Re: State of Proposal to improving KDE Software Repository Organization?

2016-01-18 Thread Ben Cooksley
On Tue, Jan 19, 2016 at 8:27 AM, Boudewijn Rempt  wrote:
> On Mon, 18 Jan 2016, Friedrich W. H. Kossebau wrote:
>
>> Reason that I ask is that due to the split of Calligra into several repos
>> (see background^) the layout in the repo structure does no longer properly
>> reflect the project organisation. Right now there are three active repos in
>> the calligra/ repo substructure:
>> "calligra" at "calligra/"
>> "krita"at "calligra/krita"
>> "kexi" at "calligra/kexi"
>
>
> What I'm wondering is, where is this "structure" actually visible? Not in
>
> https://quickgit.kde.org/

Quickgit shows the raw git repository structure, which deliberately
does not include the tree in it.

>
> or
>
> https://phabricator.kde.org/diffusion/

Eventually we'll have projects for each broader category (Multimedia,
Graphics, etc) and repositories will be tagged for those.
Phabricator will never provide a repository tree though (nor should
it, the existing tree is a hell of a maintenance nightmare).

>
> I see it reflected in the old, to be discarded
>
> https://projects.kde.org/projects
>
> But where else? And what is it actually needed for?

The build metadata depends on it, and it is used by:

- The CI system
- API / LXR / EBN
- Scripty.
- kdesrc-build

>
>>
>> (("calligra" at "calligra/" confuses at least kdesrc-build, sent an email
>> to mpyne about if moving it to "calligra/calligra" should fix it.))
>>
>> Things that are not properly matching organization:
>> * Krita starting with 3.* no longer is part of Calligra project
>>  (screws e.g. api.kde.org/bundled-apps-api/calligra-apidocs/ and also
>>  what people think to which project Krita belongs)
>> * Calligra & Krita are nowhere different to KDevelop, Digikam & Co,
>>  so no reason to be in a complete own toplevel structure,
>>  rather should be in the same sub structure, i.e. "Extragear",
>>  like extragear/calligra/* and extragear/graphics/krita
>>
>> More, not only Calligra & Krita related:
>> * "Extragear" is an awful grouping name for apps with individual
>>  release plans, a legacy term that no longer fits most of the apps
>>  in that substructure
>
>
> It's ghastly -- almost insulting. It's perpetuating the fallacy that
> there are core KDE projects and peripheral projects.

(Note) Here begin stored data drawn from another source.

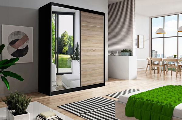 Ruhásszekrény Viola 05 (Fekete + Sonoma tölgy) *kiárusítás
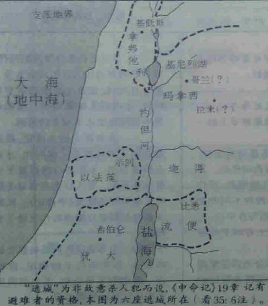 35:6 摩西在利未人的城邑中拣了六座当作逃城(书20:1-9),它们是河东的比悉(属流便支派)、拉末(属迦得支派)、哥兰(属玛拿西半支派)、河西的基低斯(属拿弗他利支派)、示剑(属以法莲支派)、希伯仑(属犹大支派)。《出埃及记》21:13曾提到逃城的设立。
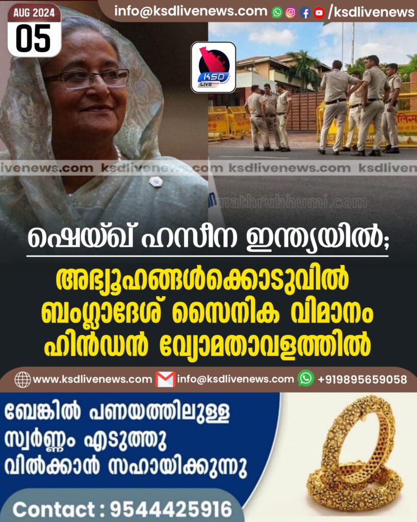 ഷെയ്ഖ് ഹസീന ഇന്ത്യയിൽ; അഭ്യൂഹങ്ങൾക്കൊടുവിൽ ബംഗ്ലാദേശ് സൈനികവിമാനം ഹിൻഡൻ വ്യോമതാവളത്തിൽ
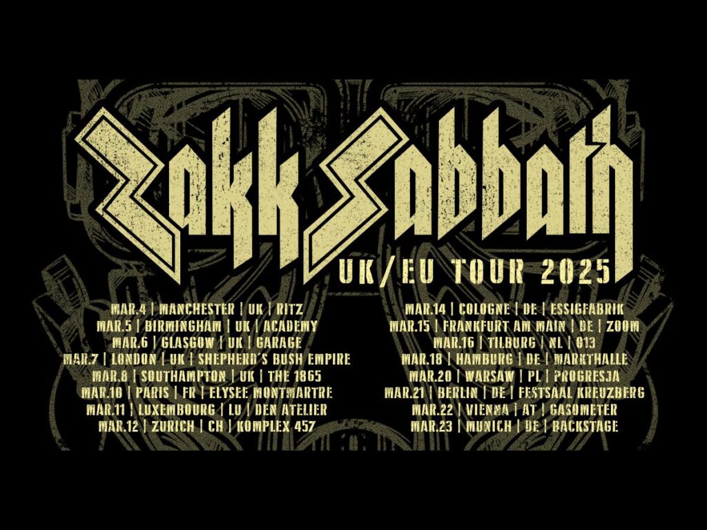 Zakk Sabbath, the BLACK SABBATH tribute with guitarist/vocalist Zakk Wylde (BLACK LABEL SOCIETY, OZZY OSBOURNE),bassist Robert “Blasko” Nicholson (OZZY OSBOURNE, ROB ZOMBIE) and drummer Joey Castillo (DANZIG, QUEEN OF THE STONE AGE),will tour Europe in 2025.

I agree. Which is why i'd like to see the Extragear moniker dropped.
If repositories are part of some broader release unit (like KDE
Applications - even if this does have a better name) then they still
need to visible as belonging to it though I think.

>
>> * "KDE Applications" is a misleading grouping name for apps with a
>>  central release plan, as if those with individual release plans
>>  are not "KDE" applications (as in, not done in the KDE community)
>
>
> Horrible as well.
>
>> * a single category per app as needed by the current tree structure layout
>>  of the repos, like "office", "graphics", "utils", is rather awkward,
>>  many apps do not match exactly one or would match multiple categories
>
>
> Honestly, the need to group repositories is, to me, so weird that I think it
> would be best to adopt the following scheme:

Note that "Frameworks", "KDevelop" and "KDE Telepathy" are all fairly
logical groupings of repositories (and things would be completely
unmanagable in so many ways if we didn't have these).

>
> a/amarok
> a/...
> ...
> c/calligra
> g/gcompris
> k/krita
>
> And so on. It's meaningless as it is; it would be better to make that clear,
> if grouping is really needed.
>
>> So IMHO some update of the repository organisation would be good, to
>> reflect how things are these days.
>> Renaming of "Extragear" and "KDE Applications" is surely something which
>> needs care from promo/marketing/VDG people first to find if that makes sense
>> at all and what a good solution would be.
>
>
> That again begs the question: where is the "organization" which apparently
> has
> purely technical reasons visible to contributors and users?
>
>> (Being both maintainer of Okteta, which is in "KDE Applications", and
>> meta-co-
>> maintainer of Calligra, which is not, but still done in the very same KDE
>> community, that current naming seems so wrong to me).
>>
>> But the actual names and grouping aside, for the pure technical renewing
>> (which also involves all infrastructure like translation system,
>> documentation, phabricator, etc), who is currently planning or working on
>> what?
>> So does it makes sense to wait some more, or should we assume the current
>> organization stays for longer, and Calligra & Krita repos should be moved
>> inside that organization for now?
>>
>>
>> ^Some background about Calligra repo split, as things are slightly
>> complicated:
>>
>> KRITA)  The "krita" repo was split off, because Krita has finally become a
>> full project of its own, separate from Calligra. A logical place for the
>> krita repo in the KDE repo structure would perhaps have been somewhere in
>> extragear, but at least due to the translators preferring to keep 

Re: State of Proposal to improving KDE Software Repository Organization?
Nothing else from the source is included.